В день годовщины смерти свекрови Евгения решила побывать на кладбище. Уже выехав из города она вдруг сообразила, что такая поездка в то время, как иантийские войска еще находятся в пути, может оказаться плохой приметой. В последнее время она была настолько удручена, что расстроилась при этой мысли, — а ведь еще несколько месяцев назад восприняла бы ее как глупость! Среди простых людей махровым цветом цвели самые дикие суеверия, и наверняка кто-то не преминет испугаться такому совпадению. Евгения лучше, чем кто-либо другой, знала цену приметам. Большинство из них ничего не стоили, будучи порождением народной фантазии, но к некоторым даже она относилась с вниманием. Впрочем, сегодняшнее посещение кладбища означало лишь, что ее плохому настроению требовалась подпитка со стороны.

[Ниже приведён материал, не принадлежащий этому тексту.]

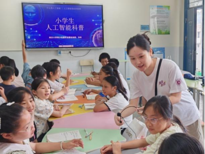 今年暑期,团队深入江苏盐城、南京以及湖南岳阳的街道、社区,用两个多月时间为近千名乡村少年带来红色基因传承教育、中华经典浸润教育、非遗技艺手工教育和数智赋能文化创新教育课程。团队融入人工智能通识课,打造“AI+传统文化”智慧课堂与沉浸式科技研学活动,让古老智慧在科技赋能下迸发时代活力。《和AI斗诗》《AI复活古人:一场穿越时空的对话》《用科技让传统文化“活”下去》等课程让青少年儿童在科技与传统、时代与历史的交融中感受传统文化生生不息的魅力。

Кладбище располагалось к западу от города. Ветерок играл ветвями деревьев, растущих меж рядов белых могильных плит. Евгения зашла в кладбищенскую оранжерею и нарезала фиолетовых ирисов, которые принято возлагать на могилу. Притихшая Алия несла корзину с дарами. В сопровождении Пеликена женщины прошли по осененной персиковыми деревьями аллее к семейному кладбищу Фарадов. Саркофаги членов царской семьи покоились не под скромными плитами — над каждым был возведен маленький, но роскошный склеп с портретом и именем того, чьи останки лежали под ним. Остановившись у склепа матери Халена, Евгения положила цветы на козырек крыши и, протянув к земле руки, прочитала молитву. Алия шепотом повторила за ней слова, достала дары, которые иантийцы приносили своим предкам: мясо, оливковое масло, мед и вино. Вокруг стояла тишина, лишь шумел ветер в листве, да робко подавала голос невидимая птица. Евгения опустилась на скамью, закрыла глаза.

— Здесь так грустно! Давай поедем домой! — попросила Алия.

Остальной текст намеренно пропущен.